Manipulating problem for Lambert w function (Finding roots of equation)

Question

In my calculus book, a problem is to graph $y = x^3/24-\ln x$. One part of it was to find the roots of the equation. I was unable to do anything to solve this problem, and wolfram alpha used the Lambert w function. I searched it up, and what I could understand was that it's the inverse of $f(x) = xe^x$. However, I don't understand how I can manipulate this equation to get an answer. I was unable to find anything that had an answer.

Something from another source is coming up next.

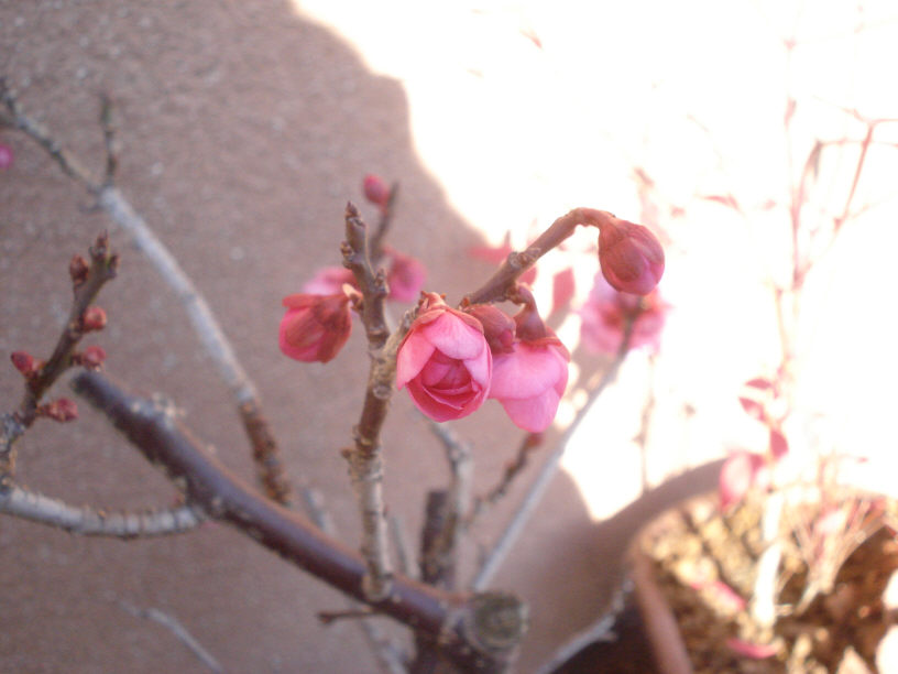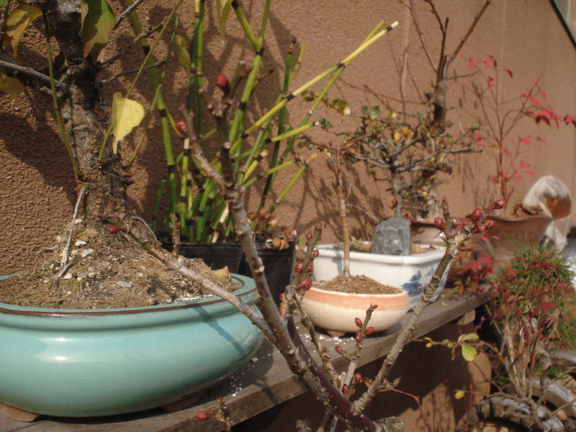 画像は素人盆栽で、TACの皆さんの好意により(というか勝手に)工場の裏に置かせて貰っています。引越しの際に一緒に連れて来ました。今年はかなりサボってしまったので、枯れては生えての繰り返しで徒長枝もひどい有様ではありますが、梅の花芽は無事付いてくれました。少しではありますが…。今から春が楽しみです。

How can I solve this?

Answer 1

$$ y=x^3/24-\log\left(x\right)\tag1 $$ $$ -\frac18e^{-3y}=-\frac{x^3}8e^{-x^3/8}\tag2 $$ $$ \operatorname{W}\!\left(-\frac18e^{-3y}\right)=-\frac{x^3}8\tag3 $$ $$ \bbox[5px,border:2px solid #C0A000]{-2\operatorname{W}\!\left(-\frac18e^{-3y}\right)^{\!1/3}=x}\tag4 $$ Explanation:
$(2)$: multiply both sides by $-3$, exponentiate, multiply both sides by $-\frac18$.
$(3)$: apply LambertW to both sides
$(4)$: take the cube root and multiply by $-2$

Note that for negative arguments, there are two branches of LambertW. For example, for $y=0$, the two branches give $$ x=1.0493180227889868869 $$ and $$ x=2.9660424669277519890 $$ which I computed in Mathematica as

N[2(-LambertW[0,-1/8])^(1/3),20]

and

N[2(-LambertW[-1,-1/8])^(1/3),20]

Answer 2

I think the Lambert W Function might be a outside the scope of most calculus courses, although admittedly I hadn't heard of it before seeing this post so I don't know for sure. One thing you could try is using Newton's method or your calculator's graphing utility to approximate the zeros of $\frac{x^{3}}{24} - \ln(x)$. I doubt that there is a way to find exact expressions for the solutions to equations like that, at least not with techniques that I'm familiar with.